From the first line of the data down to the line bearing "本館2階のフロアにも春の風を", output every line exactly and include no pictures.

___ Records to process

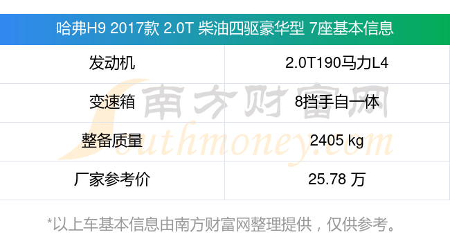 哈弗H9 2017款 2.0T 柴油四驅(qū)豪華型 7座搭載了一臺(tái)2.0T190馬力L4雙渦輪增壓發(fā)動(dòng)機(jī),采用8擋手自一體自動(dòng)檔變速箱,常規(guī)整備質(zhì)量2405kg,廠家參考價(jià)25.78萬(wàn)元。
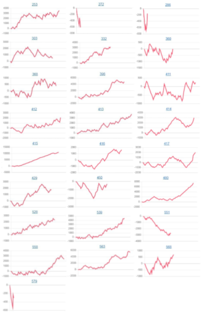 並び系全体で、平均+2,029枚、出率114.4%、勝率75%(15/20台)と素晴らしい結果を残しており、大きく差枚がついた位置が多かったので、かなりメリハリの効いた仕掛けが用意されていたのではないでしょうか。
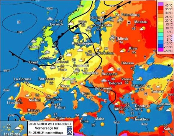 Вихідними в Україну прийде холодний атмосферний фронт, який принесе дощі й грози. Також послабне спека, яка досягне в суботу західних областей, а в неділю - півночі. У понеділок температура повітря буде +25...29°С, а на сході стовпчики термометрів покажуть +28...31°С.
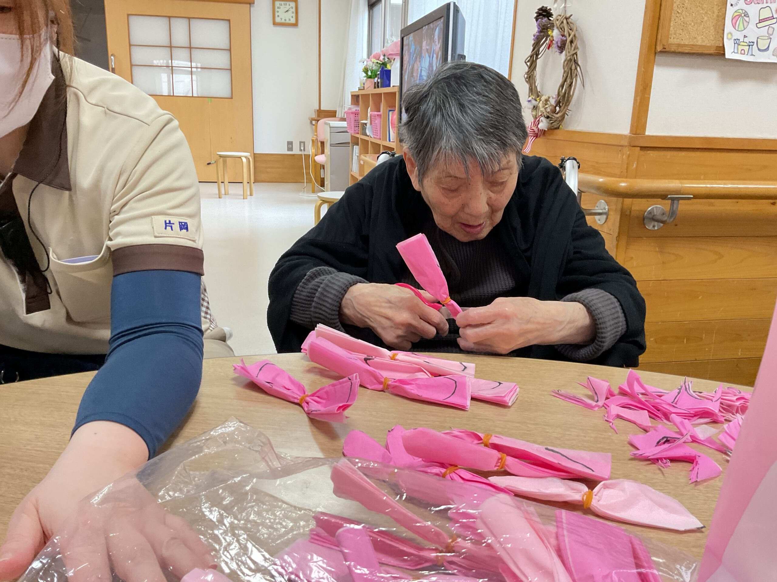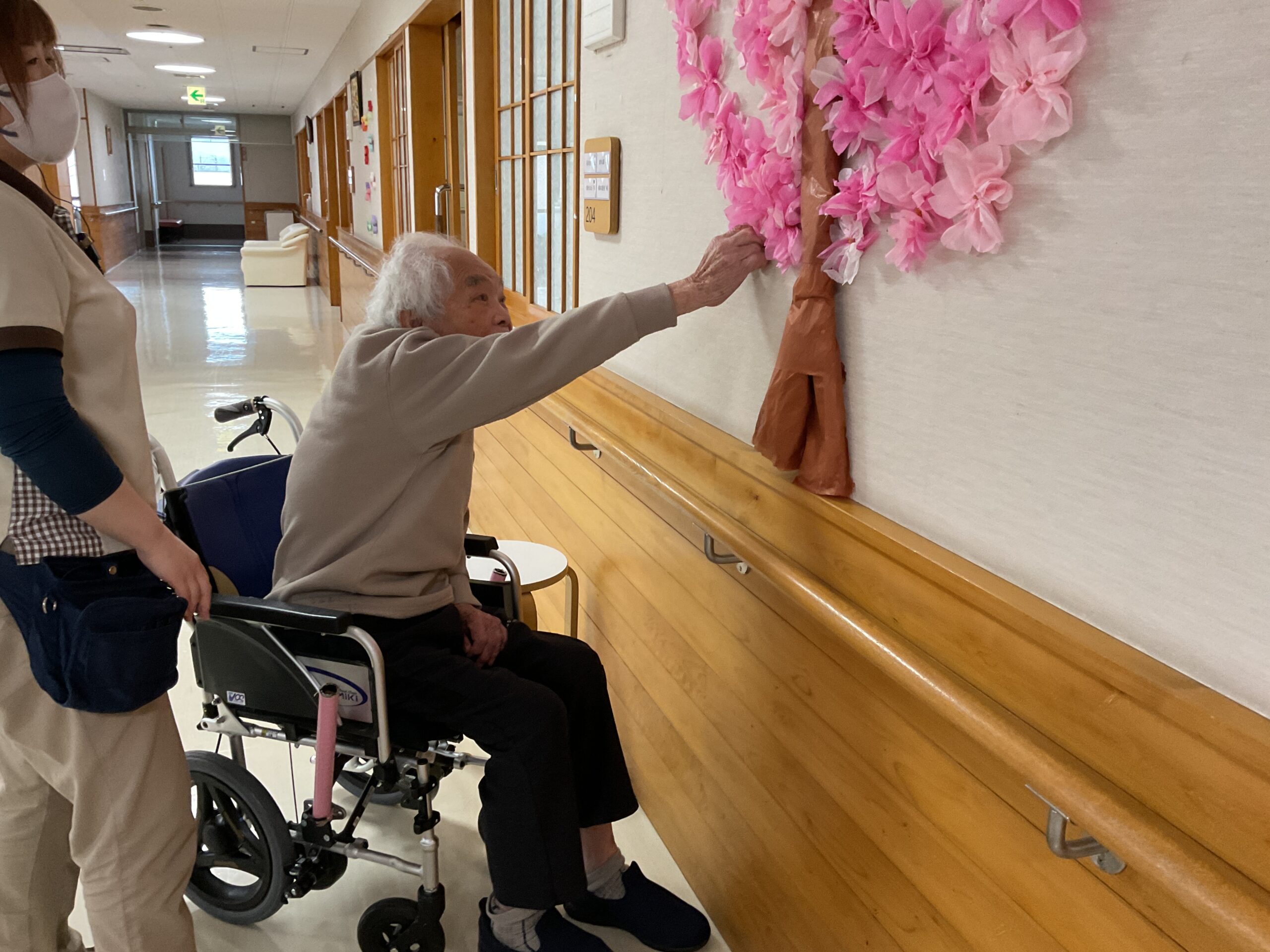 本館2階のフロアにも春の風を呼ぶべく、お客様と貼り絵のレクリエーションの企画を実施しました。
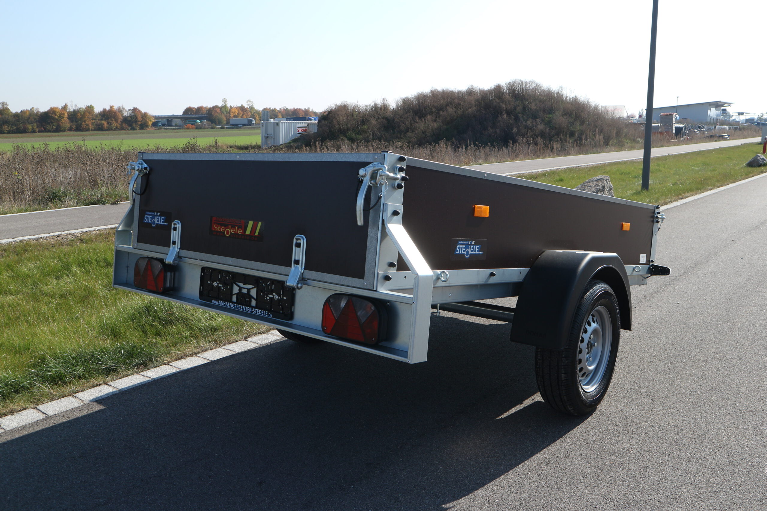 Serienmäßige Ausstattung. Stabil geschraubter Grundrahmen, komplett feuerverzinkt für mehr Stabilität in zwei Querstreben. Gummifederachse mit Einzelradaufhängung für besseren Fahrkomfort. Dickwandiges 4-Kant Zugrohr für mehr Wendigkeit beim Rangieren und ruhigen Fahrkomfort. Zugkugelkupplung mit Sicherheitsanzeige. Bodenplatte 18 mm starker, wetterfest mehrfach verleimter Siebdruckplatte, speziell rutschhemmend. Bordwände 40 cm hoch aus wetterfest verleimter Siebdruckplatte, vorne und hinten abklappbar. Handliche Winkelhebelverschlüsse mit integrierter Sicherung. Formschöne und flexible Kunststoff-Kotflügel. Seitliche Bordwandabstützung hinten. Großdimensionierte Sicherheitsbeleuchtung geschützt im Leuchtenträger integriert mit 13-poligen Stecker und Rückfahrscheinwerfer. Ladungssicherungssystem: . 10 Zurrpunkte zur Ladungssicherung: 6 Zurrbügel innen. 4 Ringschrauben außen.
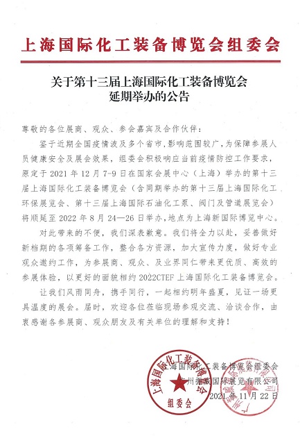關(guān)于第十三屆上海國際化工裝備博覽會延期舉辦的公告
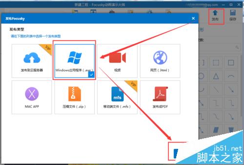 7、最后輸出EXE文件。點(diǎn)擊右上角的“發(fā)布”->“Windows應(yīng)用程序(*.exe)”->“下一步”。然后設(shè)置好一些項(xiàng),最后點(diǎn)擊“發(fā)布”,即可成功發(fā)布單獨(dú)的EXE文件。這個(gè)EXE文件復(fù)制到任何的Windows電腦,都能直接點(diǎn)擊打開,無需另外安裝focusky軟件。
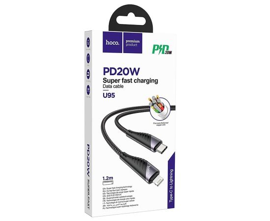 Кабель Type-C - Apple lightning Hoco U95 120см 3A (black) (127828)

______

> Exercise output
 哈弗H9 2017款 2.0T 柴油四驅(qū)豪華型 7座搭載了一臺(tái)2.0T190馬力L4雙渦輪增壓發(fā)動(dòng)機(jī),采用8擋手自一體自動(dòng)檔變速箱,常規(guī)整備質(zhì)量2405kg,廠家參考價(jià)25.78萬(wàn)元。
 並び系全体で、平均+2,029枚、出率114.4%、勝率75%(15/20台)と素晴らしい結果を残しており、大きく差枚がついた位置が多かったので、かなりメリハリの効いた仕掛けが用意されていたのではないでしょうか。
 Вихідними в Україну прийде холодний атмосферний фронт, який принесе дощі й грози. Також послабне спека, яка досягне в суботу західних областей, а в неділю - півночі. У понеділок температура повітря буде +25...29°С, а на сході стовпчики термометрів покажуть +28...31°С.
 本館2階のフロアにも春の風を呼ぶべく、お客様と貼り絵のレクリエーションの企画を実施しました。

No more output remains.